* Stored entries
* * * * * * * * *

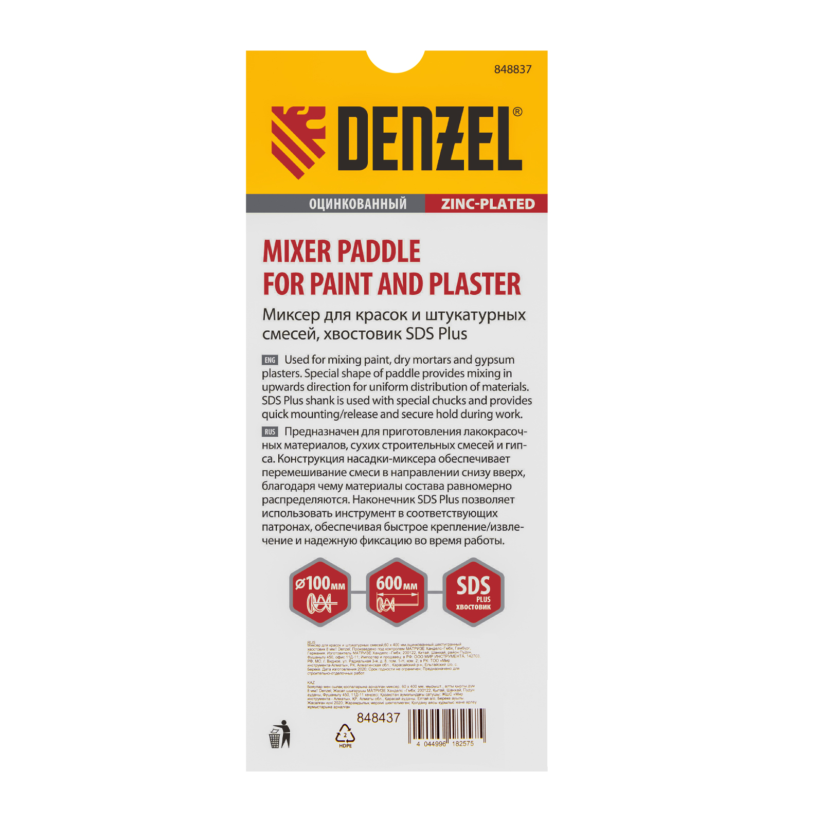 Оцинкованный миксер для красок и штукатурных смесей Denzel 848437 длиной 400 мм, с шестигранным хвостовиком 8 мм, имеет венчик диаметром 60 мм и используется для приготовления строительных растворов. Насадка перемешивает состав снизу вверх, что позволяет добиться полной однородности готовой смеси. Защитное кольцо предотвращает повреждение емкости, в которой готовится раствор. Миксер пригодится во время строительства и ремонта.
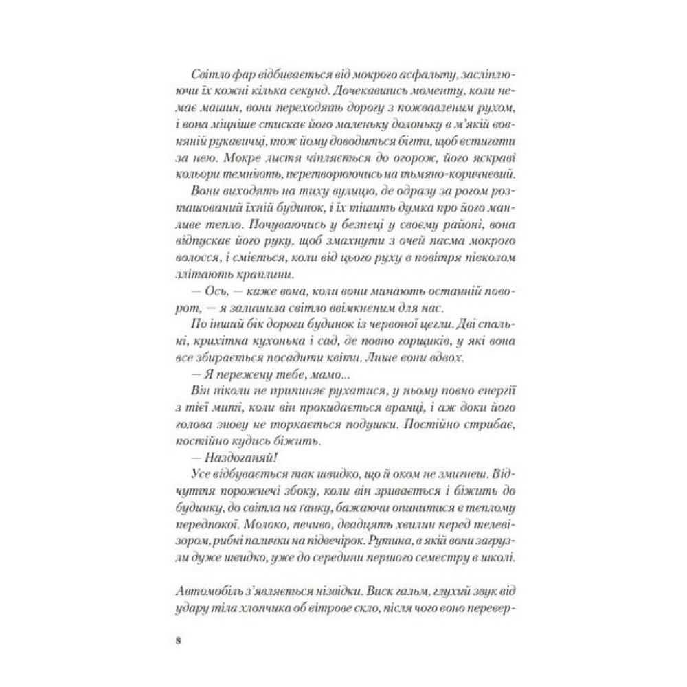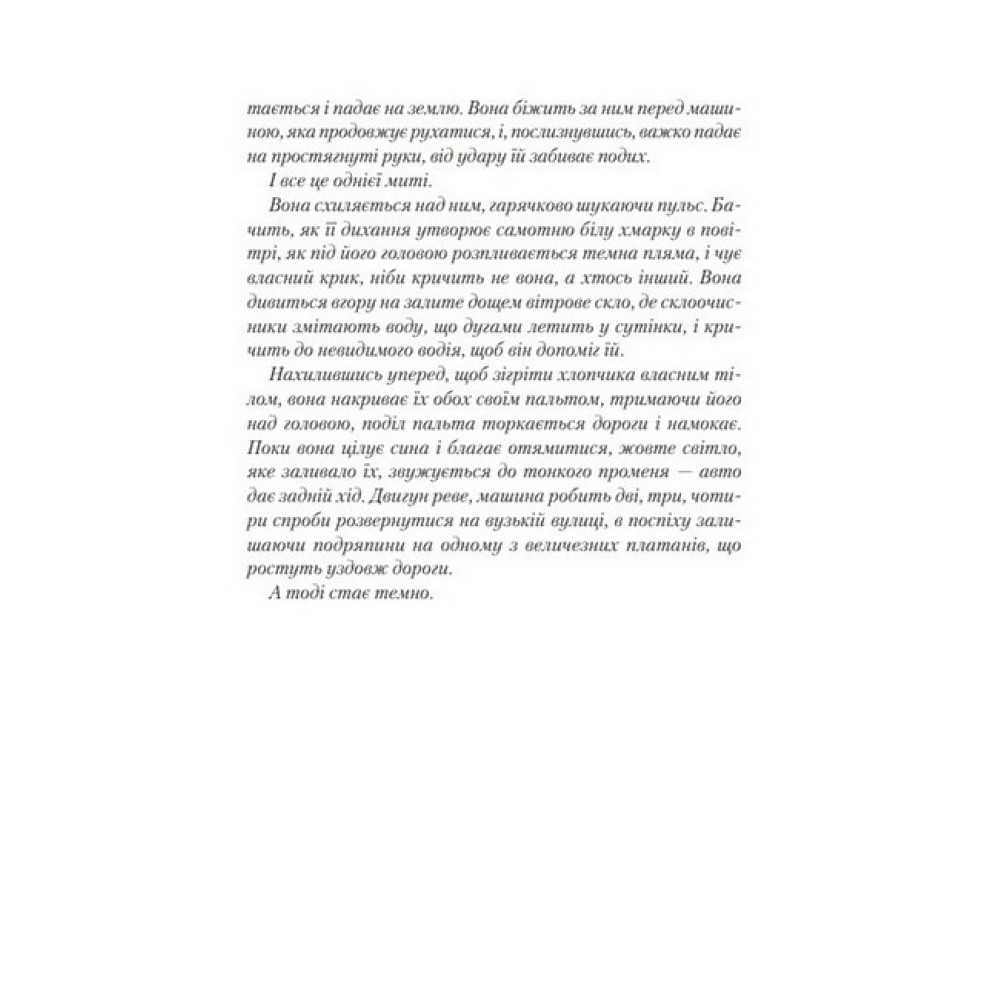 Трагічна аварія, у якій гине п’ятирічний Джейкоб, докорінно змінює життя багатьох людей, адже причетні до неї їдуть геть, навіть не зупинившись. Так, з місця події можна втекти, але як утекти від минулого? Це питання не дає спокою ні матері загиблого хлопчика, ні винним в аварії, ні поліцейським, що, розпочавши розслідування, кружляють хибними шляхами. Тільки зупинившись і поглянувши минулому в очі, герої роману отримують те, чого прагнуть: покарання для винних і звільнення від тягаря провини для решти.
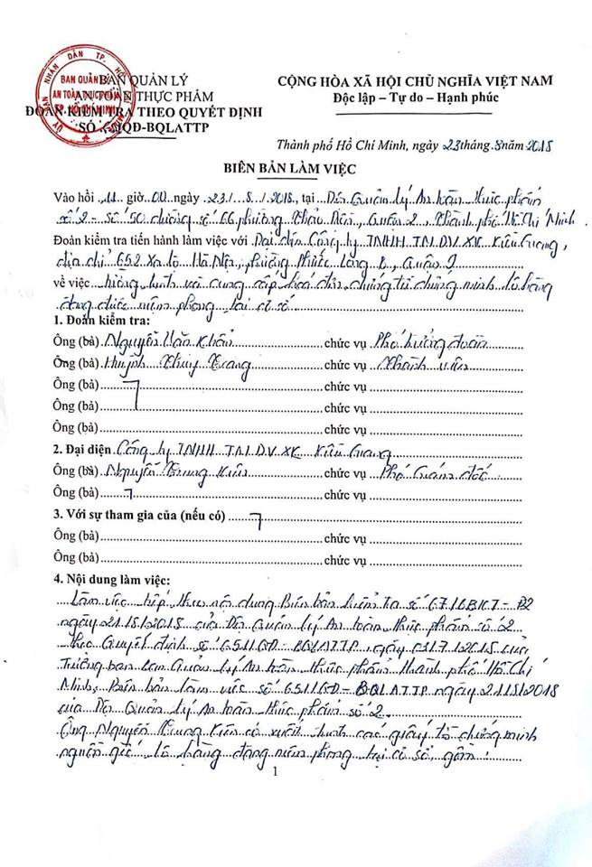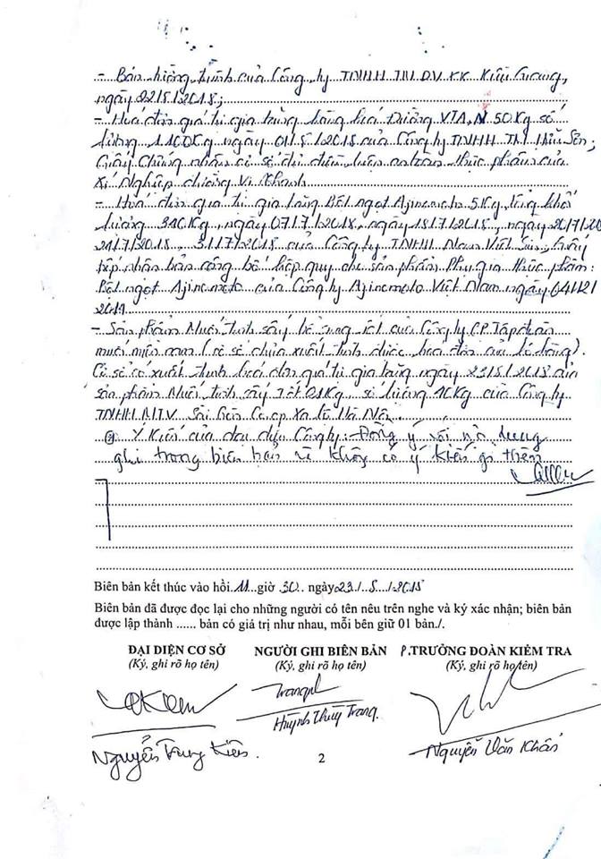 Đại diện của các công ty cung cấp gia vị cho Kiều Giang đồng ý với biên bản của công ty này, có sự chứng kiến của lãnh đạo Đoàn Kiểm tra.
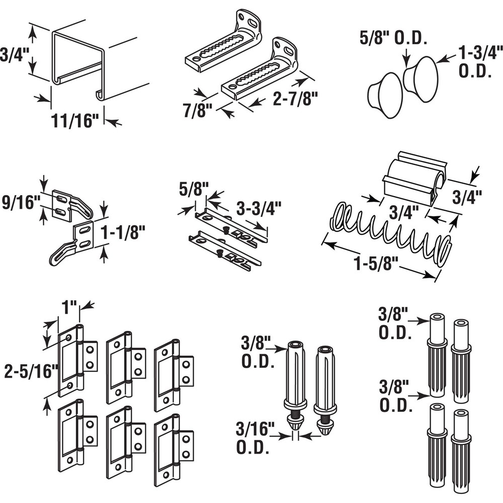 Used for the installation and repair of bi-folding closet door systems. Kits like these are available for 24 inch, 30 inch, 36 inch, 48 inch, 60 inch and 72 inch openings This kit is for use in a 30 inch wide closet and wardrobe door opening, and it includes a 47-3/4 inch net track length, pre-cut for ease of installation The roll-formed track is constructed of steel and comes pre-drilled in a white-painted finish Components in this kit are constructed of steel, plastic and wood Vertical adjustment features are included on the top and bottom pivot brackets, with a height adjustment feature on the bottom pivot
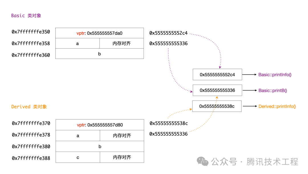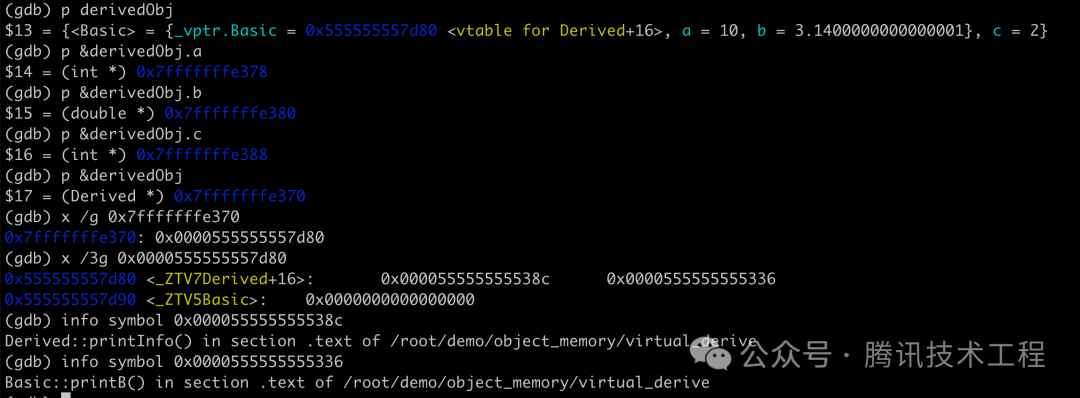 那么在有虚函数继承的情况下,对象的内存布局是什么样?虚函数的多态调用又是怎么实现的呢?实践出真知,我们可以通过 GDB 来查看对象的内存布局,在此基础上可以验证虚函数表指针,虚函数表以及多态调用的实现细节。这里先看下 Derived 类对象的内存布局,如下图:

* * * * * * * * *

Pictures don't belong in the copy. Retype exactly the lines from the one with "Đại diện của" through the last line of the records.

* Expected answer
 Đại diện của các công ty cung cấp gia vị cho Kiều Giang đồng ý với biên bản của công ty này, có sự chứng kiến của lãnh đạo Đoàn Kiểm tra.
 Used for the installation and repair of bi-folding closet door systems. Kits like these are available for 24 inch, 30 inch, 36 inch, 48 inch, 60 inch and 72 inch openings This kit is for use in a 30 inch wide closet and wardrobe door opening, and it includes a 47-3/4 inch net track length, pre-cut for ease of installation The roll-formed track is constructed of steel and comes pre-drilled in a white-painted finish Components in this kit are constructed of steel, plastic and wood Vertical adjustment features are included on the top and bottom pivot brackets, with a height adjustment feature on the bottom pivot
 那么在有虚函数继承的情况下,对象的内存布局是什么样?虚函数的多态调用又是怎么实现的呢?实践出真知,我们可以通过 GDB 来查看对象的内存布局,在此基础上可以验证虚函数表指针,虚函数表以及多态调用的实现细节。这里先看下 Derived 类对象的内存布局,如下图:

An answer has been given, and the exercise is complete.